恋のライバルのはずなのに、前よりさらに絆が深まっているように俺には見えた。
「あらあらまあまあ、これはすごいことになっておりますわね?」
「お嬢様。あれが緩やかな修羅場にございます」
「げっ」
変に目立ってしまったからか、通りすがりの天常さん主従に発見される。
「その様子ですと、恋の鞘当ては続行といったところでして?」
「うん、そうだよ」
ギュッ。
「……えぇ」
ギュッ。
「あらあらまあまあこーれはお可愛いことでしてよー!! オーッホッホッホ!」
見せつけるように再び俺の両腕がロックされ、それを見た天常さんが高笑い。
そうなったらもう、当然のように……。
「なっ! く、黒木! それは一体どういう状況だ!!」
次々と。
「カーッ、見なってタケぽん! あれがリア充って奴だよ!」
「黒木ほどの筋肉の持ち主だ。さもありなん」
「この情報、さすがに世間に公表はできないと思うけど……バレるのも早そうだねー?」
次々と。
「It’s amaizing!」
「見て見てダーリン。まぁやたちも負けてられないね☆」
「……黒木先輩。式には呼んでくれよな!」
「まー、ようやっと段階が進んだって感じッスかねぇ?」
次々とバレていった。
「節度は守ってね? 僕から言えるのはそれだけだから」
今までのあらゆる感情が込められたアルカイックスマイルでそう宣った六牧司令の満足げな顔が見える頃には、帆乃花と巡パイセンの想いは公然の秘密レベルで共有されて。
「えへへぇ……ちょっと照れるね」
「あら、もうここまで来たらなるようになれとしか思わないわ」
痕跡探しの調査一日目は。
実質、二人の“黒木終夜狙ってます宣言お披露目の日”になった。
「安心なさい。
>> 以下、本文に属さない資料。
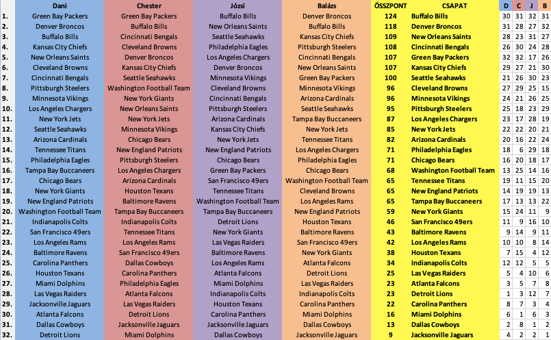 Az alapján állítottuk fel az egyéni listáinkat, hogy jelenleg, tehát csak a 2021-es szezonra vonatkozólag kinek milyen a kerete az adott poszton. Mind a négy szerkesztő véleménye egyenlő súllyal számított az összesítésnél, holtverseny esetén előbb a két legszélsőségesebb vélemény (legmagasabb és legalacsonyabb pontszám) kivételével létrejött pontszám, majd a legmagasabb helyezés döntött.

こういうアタックは今日だけよ。あなたの本命が部屋にこもってるのだって、ちゃんと確認済だから」
「その代わり、目立たない形でこれからは容赦なくいくからね? 覚悟、決めててねっ!」
恋愛における、ちゃんと告白だってした俺の大先輩方は。
「もちろん、調査もちゃんとやるわよ。明日からもよろしくお願いするわね?」
「世界を上から目線で操る奴なんて、とっとと見つけてやっつけちゃおうね!」
「……Oh」
今やすべてにおいて、俺の一歩も二歩も先を行っているように感じられるのだった。
恋愛技能レベルとかあったら、誰がレベル高めだろうか。なお現在の終夜を1とする。